The connections that managers create with their employees are vital for engagement. The more personalized, supportive, and coach-like the relationships, the more included and valued employees will feel.

In a conventional, physical workplace, relationships happen almost by accident, often as a result of proximity. In a remote setting, this becomes more complicated and takes more effort. But the effort is essential — because strong relationships encourage greater communication, ideas, commitment, and performance. The reverse of the popular adage, “people quit people before they quit companies” is true: People in sound, caring, supportive, and encouraging relationships stay in those relationships.

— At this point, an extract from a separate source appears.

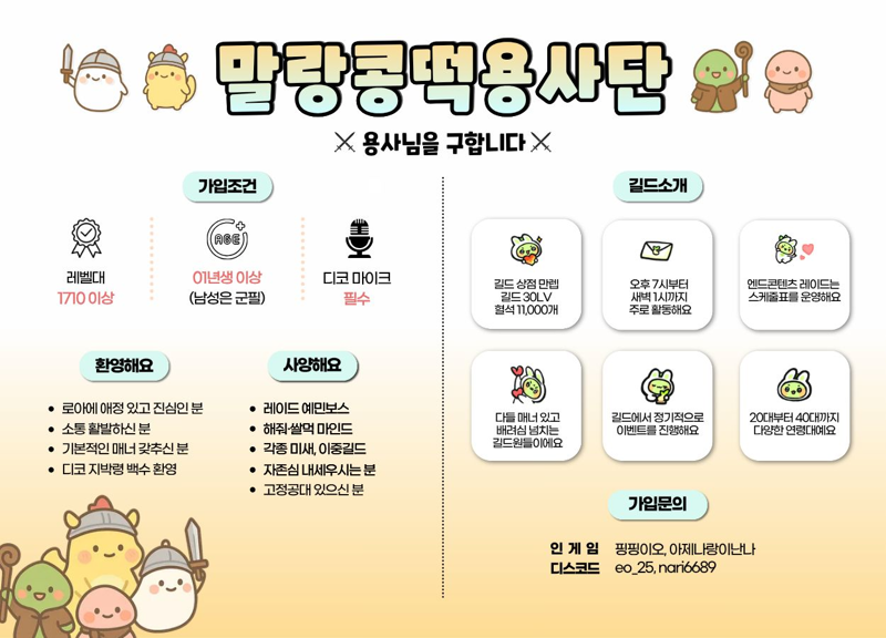 친목길드 ❄️말랑콩떡용사단❄️에서 길드원 모집합니다![]() 🍮친목길드 <말랑콩떡용사단>에서 길드원 모집합니다🍮 디코에서 친목다지며 같이 숙제하실 분 환영합니다! 길드 내 파티는 종막,4막하드 이외 레이드는 길드내에서 모바출! 길드원 주 접속시간 : 직장인 다수(평일 저녁7시~새벽 1시) 🍮가입조건 🔹1710↑ 이상 / 평균레벨 1730+ 🔹01년생 이상 (남성은 군필) 🔹길드 디스코드 참여 필수(마이크 필수) 🔸사사게스타,여,남미새,해줘마인드는 죄송합니다 🍮 문의 디스코드: eo_25 , nari6689 / 인게임 핑핑이오 , 아제나랑이난나

Building stronger manager/employee relationships as a driver of engagement directs us to workplace coaching. Managers who learn how to think and act as workplace coaches approach their workplace relationships differently. Using coaching skills — like asking, listening, and guiding — improves relationships and, therefore, engagement. Furthermore, to mitigate distance in a remote work environment, managers should have frequent, guiding, and development-focused interactions with their employees. 

3. Development

Development refers to regularly helping employees improve their performance and skills so they can grow into their potential. This activates employees’ abilities and self-belief.

Develop your people using regular performance conversations that are interactive and structured to review an individual’s performance. Your aim is to gather information to assess successes, challenges, and roadblocks. Then work with employees to develop plans to amplify successes and address and solve issues.

Your objective should be to work together to build action plans that guide people to solving problems. This is especially critical in a remote work environment where an ad hoc learning and development session may or may not happen. Instead, your remote employees will need regularly scheduled events to ensure you can answer the question, How have I helped my employee grow, learn, and improve today? 

Ultimately, exceptional performance is more about how connected and engaged an employee feels, not where they do the work.